▸ **DATA FOR ANALYSIS**

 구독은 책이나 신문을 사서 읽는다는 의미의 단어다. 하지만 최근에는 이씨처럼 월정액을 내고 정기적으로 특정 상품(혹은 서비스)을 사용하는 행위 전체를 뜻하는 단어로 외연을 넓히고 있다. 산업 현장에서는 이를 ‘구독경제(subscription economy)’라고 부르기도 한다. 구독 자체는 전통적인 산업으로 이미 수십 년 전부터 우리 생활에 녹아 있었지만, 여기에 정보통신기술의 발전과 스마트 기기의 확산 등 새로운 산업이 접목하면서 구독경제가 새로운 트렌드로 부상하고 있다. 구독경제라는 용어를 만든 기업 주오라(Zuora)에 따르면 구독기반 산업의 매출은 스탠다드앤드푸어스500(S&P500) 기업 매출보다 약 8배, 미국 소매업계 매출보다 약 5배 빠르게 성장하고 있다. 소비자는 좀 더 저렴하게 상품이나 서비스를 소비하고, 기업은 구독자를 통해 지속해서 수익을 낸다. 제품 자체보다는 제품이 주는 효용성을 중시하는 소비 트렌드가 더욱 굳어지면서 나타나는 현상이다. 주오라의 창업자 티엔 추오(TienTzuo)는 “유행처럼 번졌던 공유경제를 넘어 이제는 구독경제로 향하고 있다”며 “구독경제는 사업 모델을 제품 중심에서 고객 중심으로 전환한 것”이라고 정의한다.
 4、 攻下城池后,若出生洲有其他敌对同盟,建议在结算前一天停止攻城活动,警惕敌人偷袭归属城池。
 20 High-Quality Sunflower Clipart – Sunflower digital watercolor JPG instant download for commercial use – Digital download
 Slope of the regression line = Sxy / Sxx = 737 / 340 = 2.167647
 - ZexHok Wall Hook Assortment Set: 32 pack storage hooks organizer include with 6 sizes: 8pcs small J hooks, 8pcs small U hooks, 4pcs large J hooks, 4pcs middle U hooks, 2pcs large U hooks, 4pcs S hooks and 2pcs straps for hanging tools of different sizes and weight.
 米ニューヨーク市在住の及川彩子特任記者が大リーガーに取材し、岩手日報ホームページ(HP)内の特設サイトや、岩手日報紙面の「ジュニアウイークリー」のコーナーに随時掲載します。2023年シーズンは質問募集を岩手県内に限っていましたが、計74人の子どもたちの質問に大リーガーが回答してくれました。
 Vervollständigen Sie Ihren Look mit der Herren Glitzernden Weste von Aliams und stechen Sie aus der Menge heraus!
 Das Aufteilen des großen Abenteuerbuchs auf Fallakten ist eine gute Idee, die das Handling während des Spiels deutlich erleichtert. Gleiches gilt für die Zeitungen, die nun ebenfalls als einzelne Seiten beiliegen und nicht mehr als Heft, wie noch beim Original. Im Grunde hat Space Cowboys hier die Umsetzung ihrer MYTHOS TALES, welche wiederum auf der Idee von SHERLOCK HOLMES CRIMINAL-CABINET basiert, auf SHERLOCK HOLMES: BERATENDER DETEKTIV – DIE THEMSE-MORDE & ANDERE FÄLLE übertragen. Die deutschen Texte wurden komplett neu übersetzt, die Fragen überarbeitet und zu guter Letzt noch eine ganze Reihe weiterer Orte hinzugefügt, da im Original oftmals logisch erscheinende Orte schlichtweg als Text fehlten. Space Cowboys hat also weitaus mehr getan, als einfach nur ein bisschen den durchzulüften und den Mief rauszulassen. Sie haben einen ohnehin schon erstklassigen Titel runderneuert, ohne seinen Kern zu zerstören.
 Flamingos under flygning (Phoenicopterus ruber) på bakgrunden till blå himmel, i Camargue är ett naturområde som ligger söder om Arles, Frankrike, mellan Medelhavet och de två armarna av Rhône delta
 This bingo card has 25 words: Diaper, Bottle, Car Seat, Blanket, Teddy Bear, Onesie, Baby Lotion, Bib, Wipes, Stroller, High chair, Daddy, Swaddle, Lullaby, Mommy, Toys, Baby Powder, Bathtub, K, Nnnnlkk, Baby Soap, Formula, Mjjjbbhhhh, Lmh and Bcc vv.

▸ **WHAT THE TASK ASKS**
Once the listing has been read, copy every line of it exactly.

▸ **THE COMPLETED TASK**
 구독은 책이나 신문을 사서 읽는다는 의미의 단어다. 하지만 최근에는 이씨처럼 월정액을 내고 정기적으로 특정 상품(혹은 서비스)을 사용하는 행위 전체를 뜻하는 단어로 외연을 넓히고 있다. 산업 현장에서는 이를 ‘구독경제(subscription economy)’라고 부르기도 한다. 구독 자체는 전통적인 산업으로 이미 수십 년 전부터 우리 생활에 녹아 있었지만, 여기에 정보통신기술의 발전과 스마트 기기의 확산 등 새로운 산업이 접목하면서 구독경제가 새로운 트렌드로 부상하고 있다. 구독경제라는 용어를 만든 기업 주오라(Zuora)에 따르면 구독기반 산업의 매출은 스탠다드앤드푸어스500(S&P500) 기업 매출보다 약 8배, 미국 소매업계 매출보다 약 5배 빠르게 성장하고 있다. 소비자는 좀 더 저렴하게 상품이나 서비스를 소비하고, 기업은 구독자를 통해 지속해서 수익을 낸다. 제품 자체보다는 제품이 주는 효용성을 중시하는 소비 트렌드가 더욱 굳어지면서 나타나는 현상이다. 주오라의 창업자 티엔 추오(TienTzuo)는 “유행처럼 번졌던 공유경제를 넘어 이제는 구독경제로 향하고 있다”며 “구독경제는 사업 모델을 제품 중심에서 고객 중심으로 전환한 것”이라고 정의한다.
 4、 攻下城池后,若出生洲有其他敌对同盟,建议在结算前一天停止攻城活动,警惕敌人偷袭归属城池。
 20 High-Quality Sunflower Clipart – Sunflower digital watercolor JPG instant download for commercial use – Digital download
 Slope of the regression line = Sxy / Sxx = 737 / 340 = 2.167647
 - ZexHok Wall Hook Assortment Set: 32 pack storage hooks organizer include with 6 sizes: 8pcs small J hooks, 8pcs small U hooks, 4pcs large J hooks, 4pcs middle U hooks, 2pcs large U hooks, 4pcs S hooks and 2pcs straps for hanging tools of different sizes and weight.
 米ニューヨーク市在住の及川彩子特任記者が大リーガーに取材し、岩手日報ホームページ(HP)内の特設サイトや、岩手日報紙面の「ジュニアウイークリー」のコーナーに随時掲載します。2023年シーズンは質問募集を岩手県内に限っていましたが、計74人の子どもたちの質問に大リーガーが回答してくれました。
 Vervollständigen Sie Ihren Look mit der Herren Glitzernden Weste von Aliams und stechen Sie aus der Menge heraus!
 Das Aufteilen des großen Abenteuerbuchs auf Fallakten ist eine gute Idee, die das Handling während des Spiels deutlich erleichtert. Gleiches gilt für die Zeitungen, die nun ebenfalls als einzelne Seiten beiliegen und nicht mehr als Heft, wie noch beim Original. Im Grunde hat Space Cowboys hier die Umsetzung ihrer MYTHOS TALES, welche wiederum auf der Idee von SHERLOCK HOLMES CRIMINAL-CABINET basiert, auf SHERLOCK HOLMES: BERATENDER DETEKTIV – DIE THEMSE-MORDE & ANDERE FÄLLE übertragen. Die deutschen Texte wurden komplett neu übersetzt, die Fragen überarbeitet und zu guter Letzt noch eine ganze Reihe weiterer Orte hinzugefügt, da im Original oftmals logisch erscheinende Orte schlichtweg als Text fehlten. Space Cowboys hat also weitaus mehr getan, als einfach nur ein bisschen den durchzulüften und den Mief rauszulassen. Sie haben einen ohnehin schon erstklassigen Titel runderneuert, ohne seinen Kern zu zerstören.
 Flamingos under flygning (Phoenicopterus ruber) på bakgrunden till blå himmel, i Camargue är ett naturområde som ligger söder om Arles, Frankrike, mellan Medelhavet och de två armarna av Rhône delta
 This bingo card has 25 words: Diaper, Bottle, Car Seat, Blanket, Teddy Bear, Onesie, Baby Lotion, Bib, Wipes, Stroller, High chair, Daddy, Swaddle, Lullaby, Mommy, Toys, Baby Powder, Bathtub, K, Nnnnlkk, Baby Soap, Formula, Mjjjbbhhhh, Lmh and Bcc vv.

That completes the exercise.